(Beginning of Exercise input)
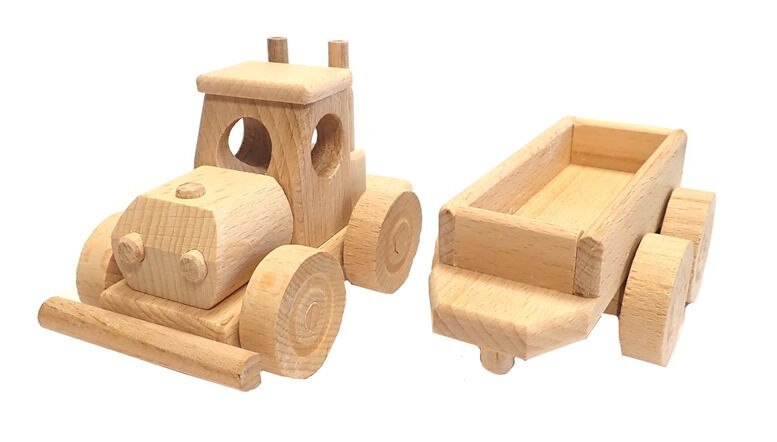 Drevený model auta je vyrobený z kvalitného bukového dreva. Jeho povrch je iba navoskovaný a vyleštený, nie je nijako chemicky ošetrený ani farbený, aby sa zachoval jeho prirodzený vzhľad. Drevené autíčko má otáčavé kolesá a nemá ostré hrany. Je vhodný aj do pieskoviska.
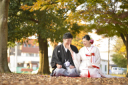 お二人の希望カットになります。季節感の感じる紅葉とお守りで。
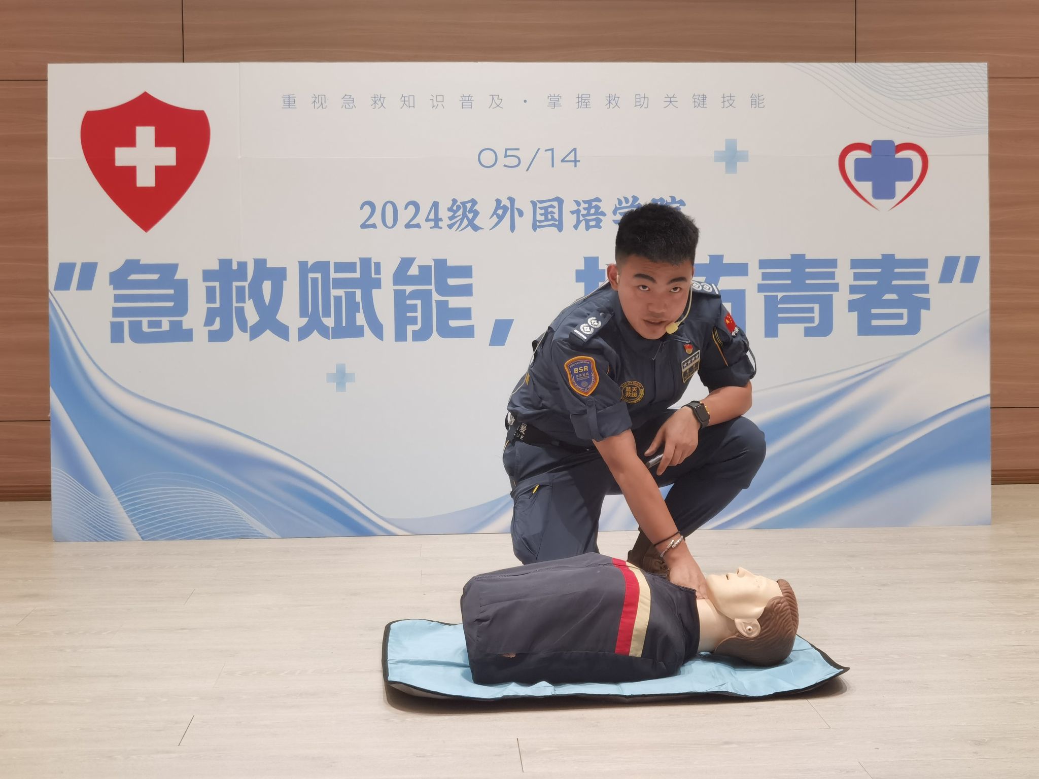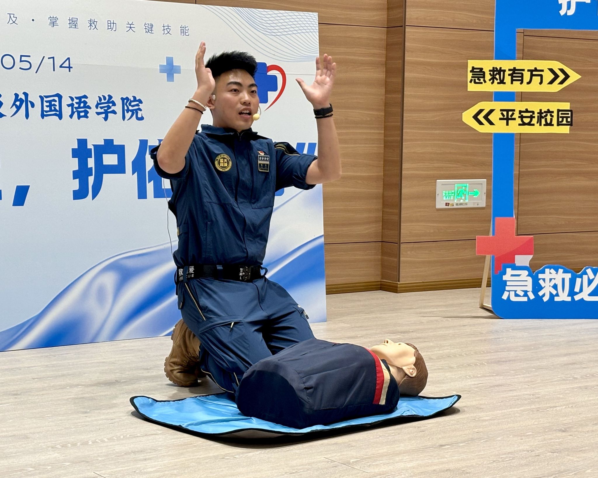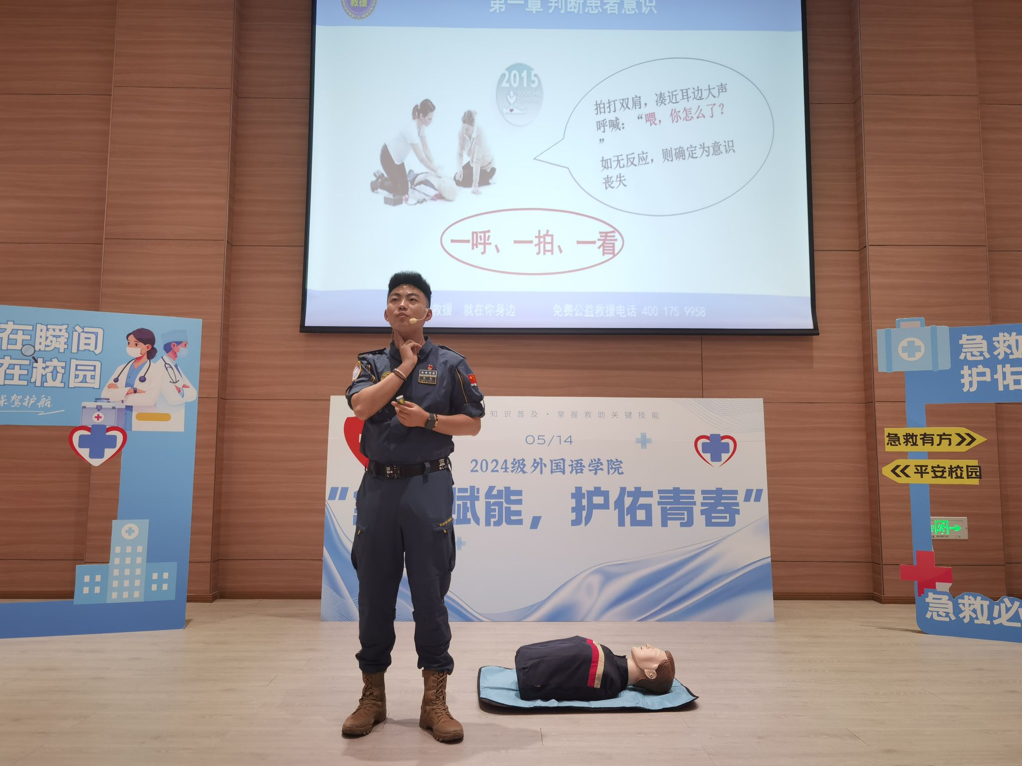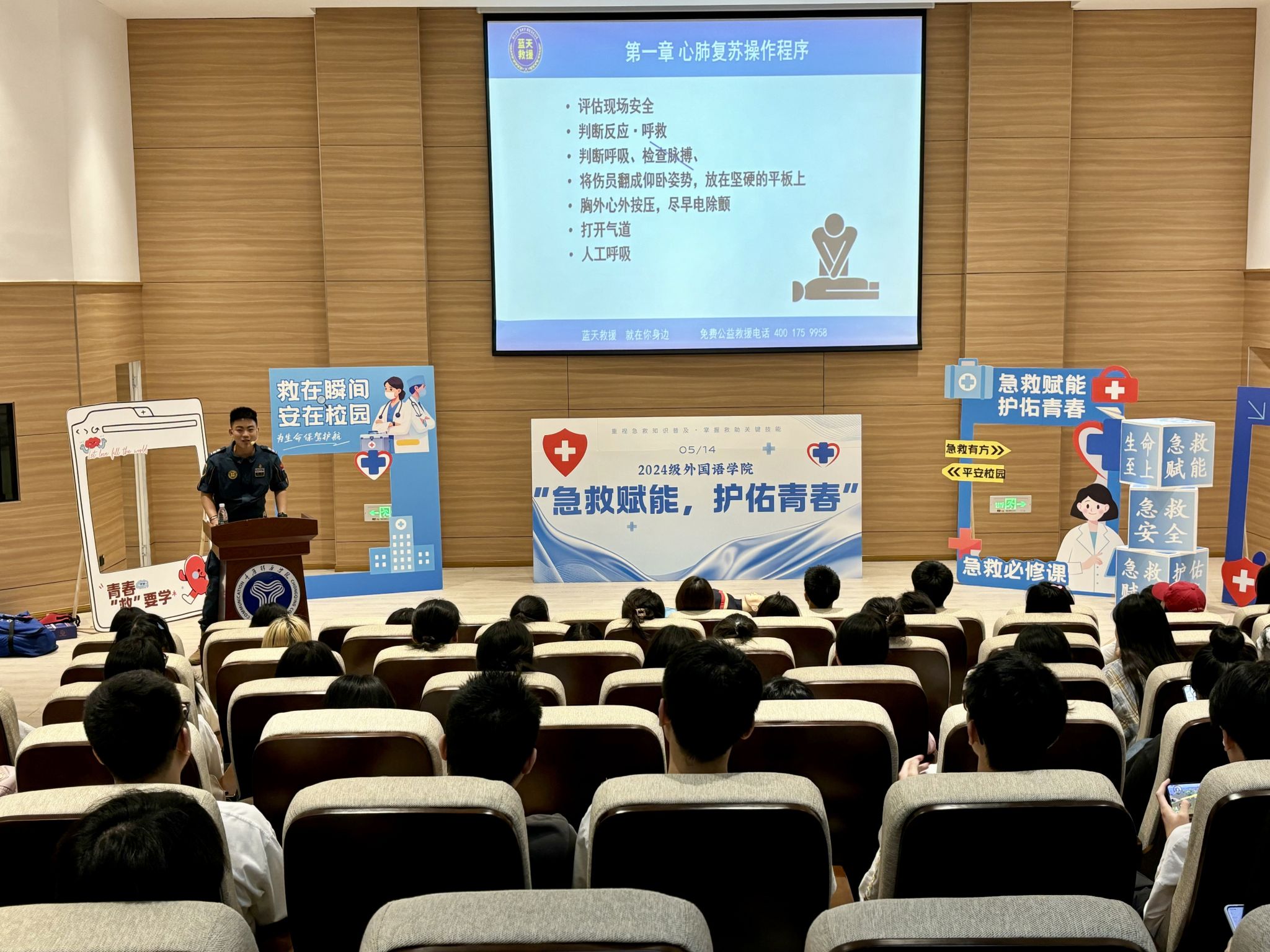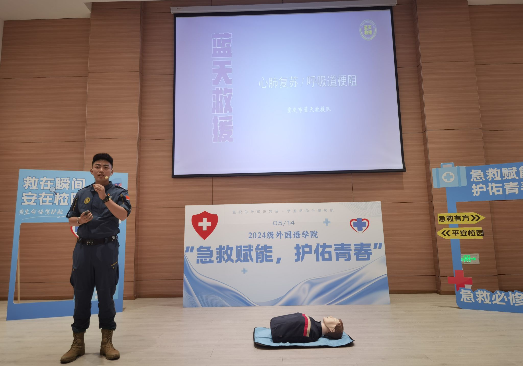 为响应本科教学评估,深化校园安全教育体系建设,切实提升学生应急救护能力,打造"人人敢救、人人会救"的平安校园环境,我校学生处宿舍管理中心联合外国语学院,于5月14日在六度空间-创梦空间开展第十四期急救知识与技能课程。本次活动特邀合川区蓝天救援队副队长杨航担任主讲,外国语学院师生代表共200余人参与课程,课程涵盖心肺复苏术(CPR)、AED设备操作及气道异物梗阻解除术三大核心急救技能。
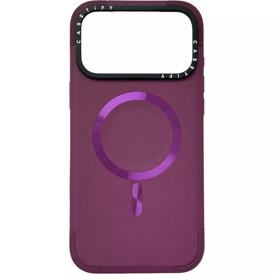 The Force Case with MagSafe for iPhone 17 Pro features a robust, rugged design that offers impressive up to 6.6 feet drop protection¹, ensuring your device stays safe from everyday mishaps. With an external MagSafe ring and compatibility with MagSafe accessories, charging is a breeze. Enjoy all-around protection with shock-absorbing corners, a rigid backplate, and an ergonomic grip that feels great in your hand while remaining pocket-friendly. Complete with a lifted camera ring and fully rounded bezel for screen protection, this case keeps your phone secure and stylish. Plus, the convenient strap hole lets you add your favorite phone charm for a personalized touch. Embrace sustainability by recycling your old case through our Re/CASETiFY™ initiative, joining over 2 million others in giving new life to materials. | Casetify Force Case MagSafe for iPhone 17 Pro - Mulberry | Verizon
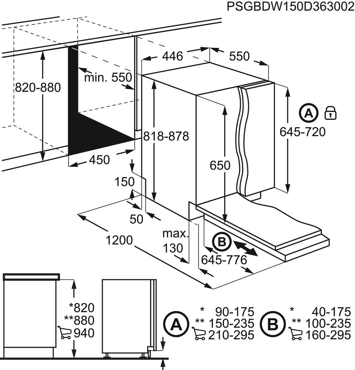 Vestavné rozměry V(min/max)xŠxH (mm): 820/900 x 450 x 550
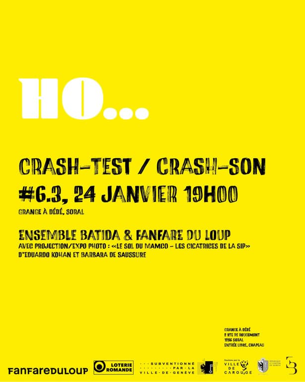 Un crAsh tout particulier, dans une magnifique grange du village de Soral! En première partie, notre invitée la FanfareduLoup nous présentera une composition autour du projet photographique de Barbara De Saussure et Eduardo Kohan “Le Sol du Mamco, les cicatrices de la SIP” (avec expo et projection). Puis, comme à son habitude, l'Ensemble Batida se joidra à la scène pour une rencontre improvisée en deuxième partie de soirée.
(End of Exercise input)
Aim of the exercise:
Nothing but the lines from the line with "Vestavné rozměry V(min/max)xŠxH" through the last line of the data above should be printed, exactly as written and without pictures.

Output of the task:
 Vestavné rozměry V(min/max)xŠxH (mm): 820/900 x 450 x 550
 Un crAsh tout particulier, dans une magnifique grange du village de Soral! En première partie, notre invitée la FanfareduLoup nous présentera une composition autour du projet photographique de Barbara De Saussure et Eduardo Kohan “Le Sol du Mamco, les cicatrices de la SIP” (avec expo et projection). Puis, comme à son habitude, l'Ensemble Batida se joidra à la scène pour une rencontre improvisée en deuxième partie de soirée.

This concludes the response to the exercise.